• _Aim of the exercise_:
What is needed is an exact copy of the data below, pictures excluded.

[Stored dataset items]
[Start of section]
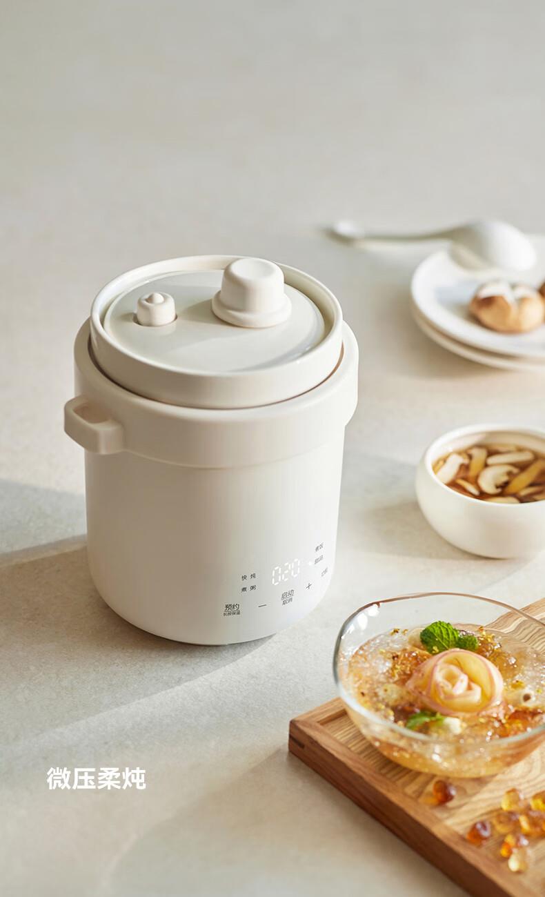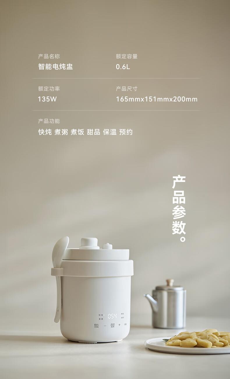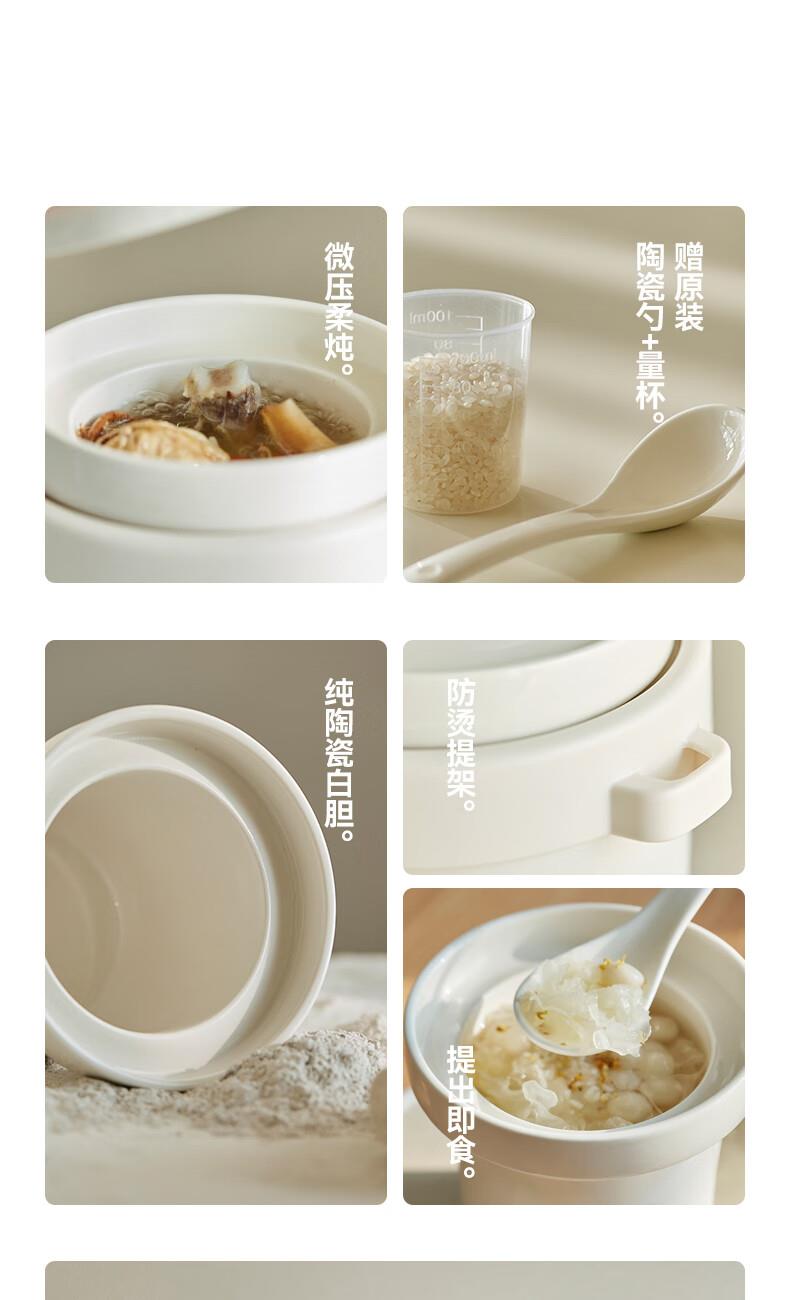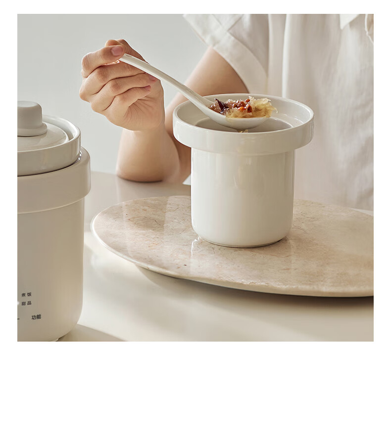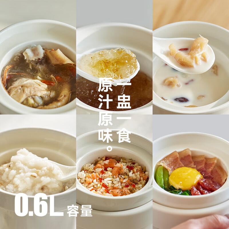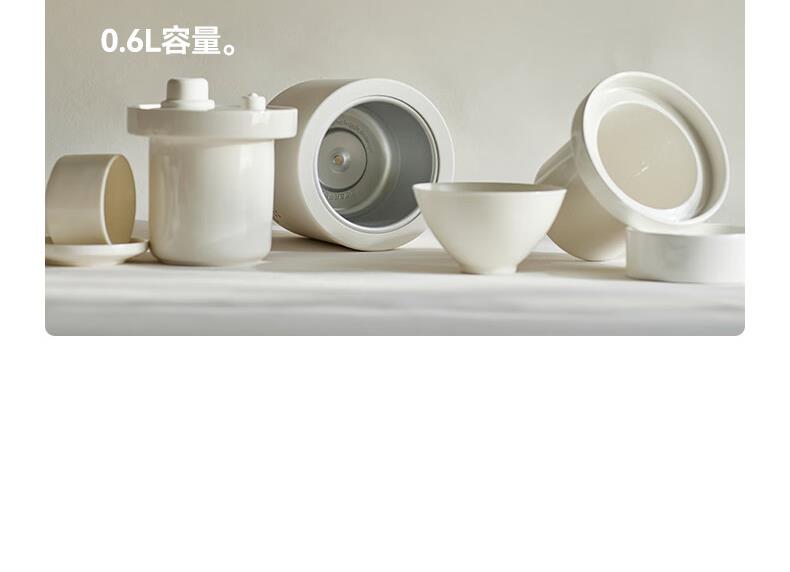 顏色:陶白色 容量:0.6L 毛重:1.6kg 額定功率:135W 產(chǎn)品尺寸:165*151*200mm 包裝尺寸:209*194*260mm 條碼 : 6977735712970 1. 增加了微壓技術(shù)的電燉鍋 2. 快速軟爛,營養(yǎng)不流失 3. 智能程序,預(yù)約定時,滿足多樣化制作
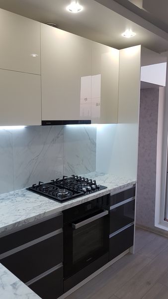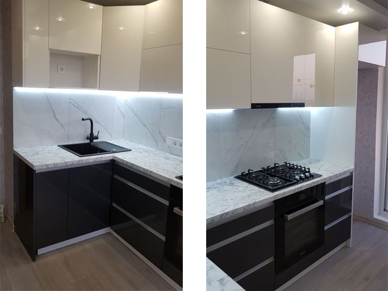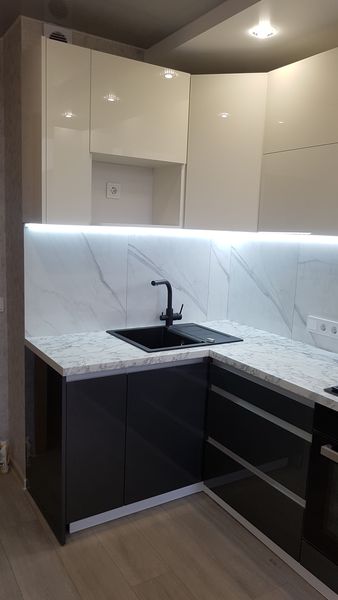 Угловая кухня с черно-белыми глянцевыми фасадами
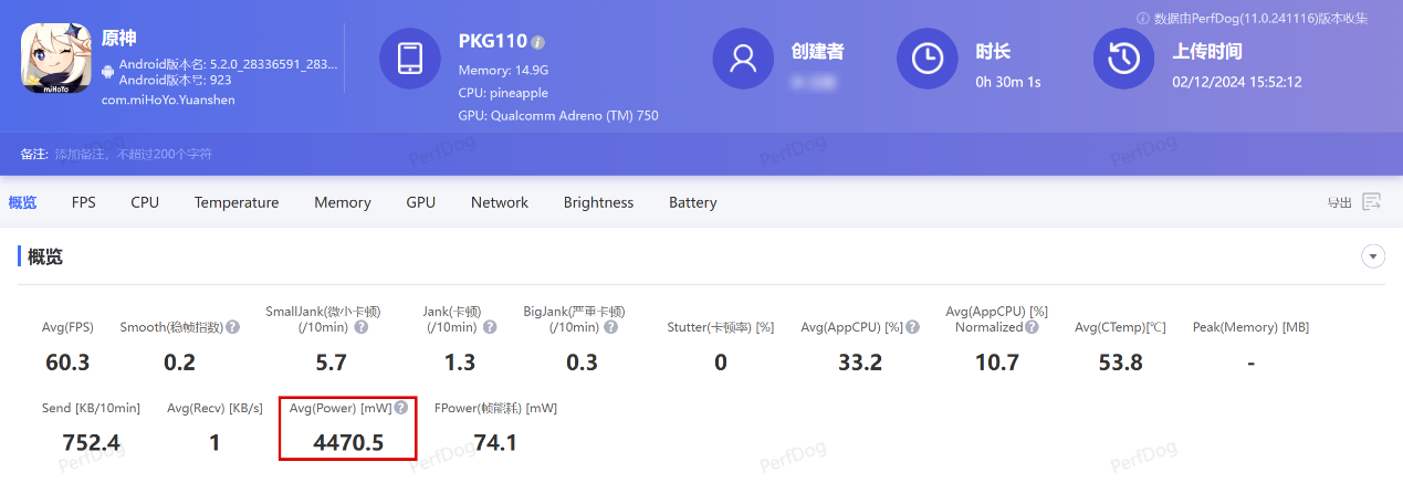 看完《原神》的表现,再看看低负载的《王者荣耀》。我们直接连续游戏 1 小时,测试环境与《原神》保持一致,进行匹配对局。
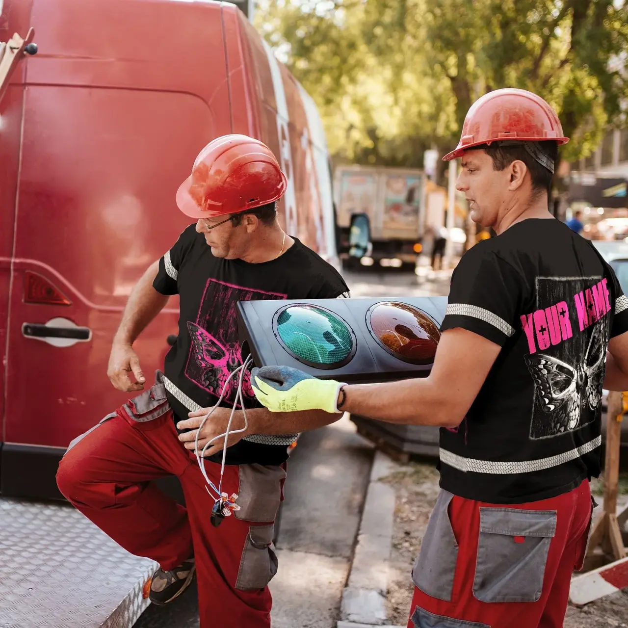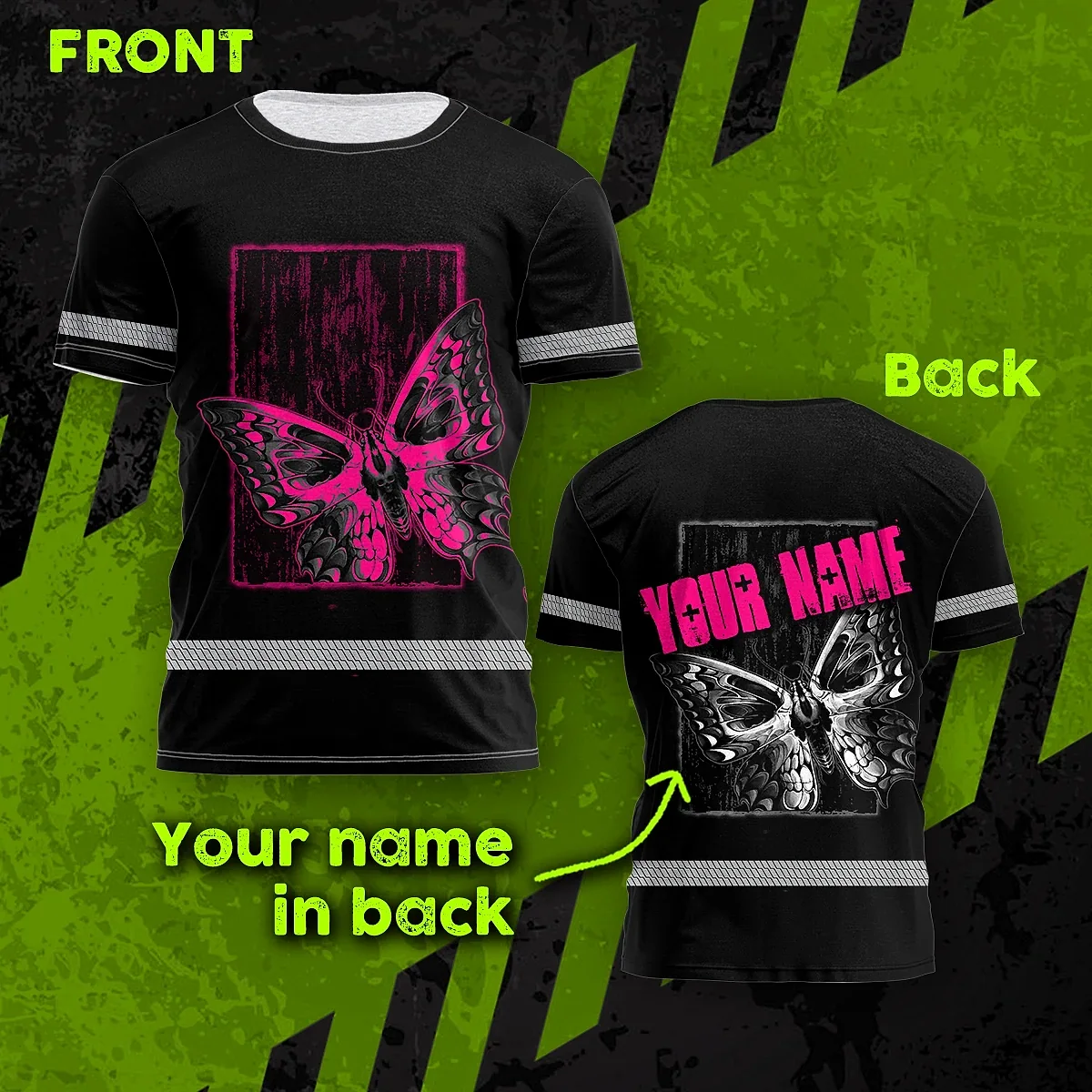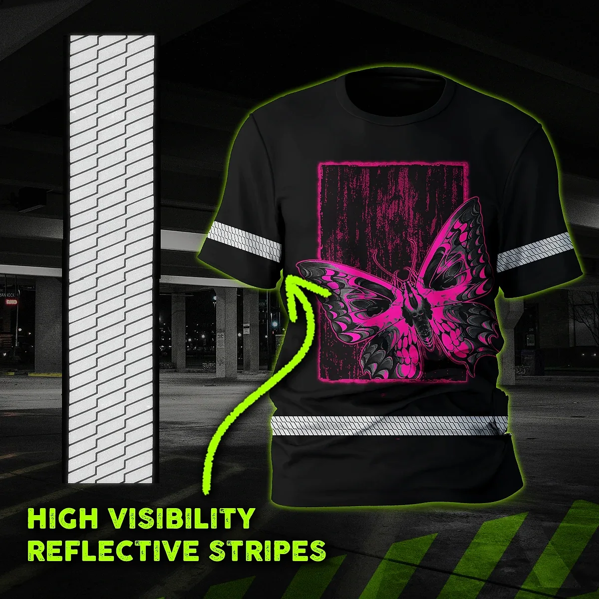 Hi Vis Shirt Reflective Tapes Pink Neon Skull Butterfly Shirt Custom Name Safety Workwear For Workers, Truckers, Operators
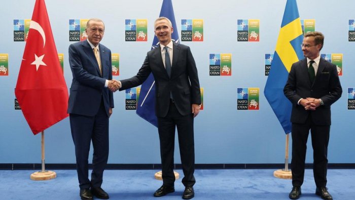 Litvada səfərdə olan Türkiyə Prezidenti Rəcəb Tayyib Ərdoğanla NATO Baş katibi Yens Stoltenberq və İsveç Baş naziri Ulf Kristersson arasında üçtərəfli görüş olub.
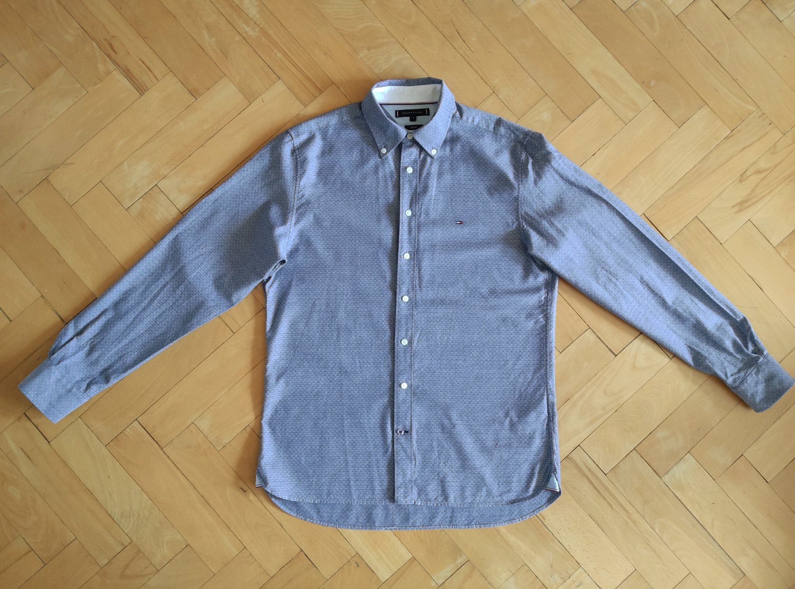 85.Tommy Hilfiger panska kosela vo velkosti M,dlzka prednej casti je 77cm,zadnej casti je 79cm,dlzka rukava od krku je 80cm a sirka v podpazusi je 58x2cm
[End of section]
• _Result of this exercise_:
 顏色:陶白色 容量:0.6L 毛重:1.6kg 額定功率:135W 產(chǎn)品尺寸:165*151*200mm 包裝尺寸:209*194*260mm 條碼 : 6977735712970 1. 增加了微壓技術(shù)的電燉鍋 2. 快速軟爛,營養(yǎng)不流失 3. 智能程序,預(yù)約定時,滿足多樣化制作
 Угловая кухня с черно-белыми глянцевыми фасадами
 看完《原神》的表现,再看看低负载的《王者荣耀》。我们直接连续游戏 1 小时,测试环境与《原神》保持一致,进行匹配对局。
 Hi Vis Shirt Reflective Tapes Pink Neon Skull Butterfly Shirt Custom Name Safety Workwear For Workers, Truckers, Operators
 Litvada səfərdə olan Türkiyə Prezidenti Rəcəb Tayyib Ərdoğanla NATO Baş katibi Yens Stoltenberq və İsveç Baş naziri Ulf Kristersson arasında üçtərəfli görüş olub.
 85.Tommy Hilfiger panska kosela vo velkosti M,dlzka prednej casti je 77cm,zadnej casti je 79cm,dlzka rukava od krku je 80cm a sirka v podpazusi je 58x2cm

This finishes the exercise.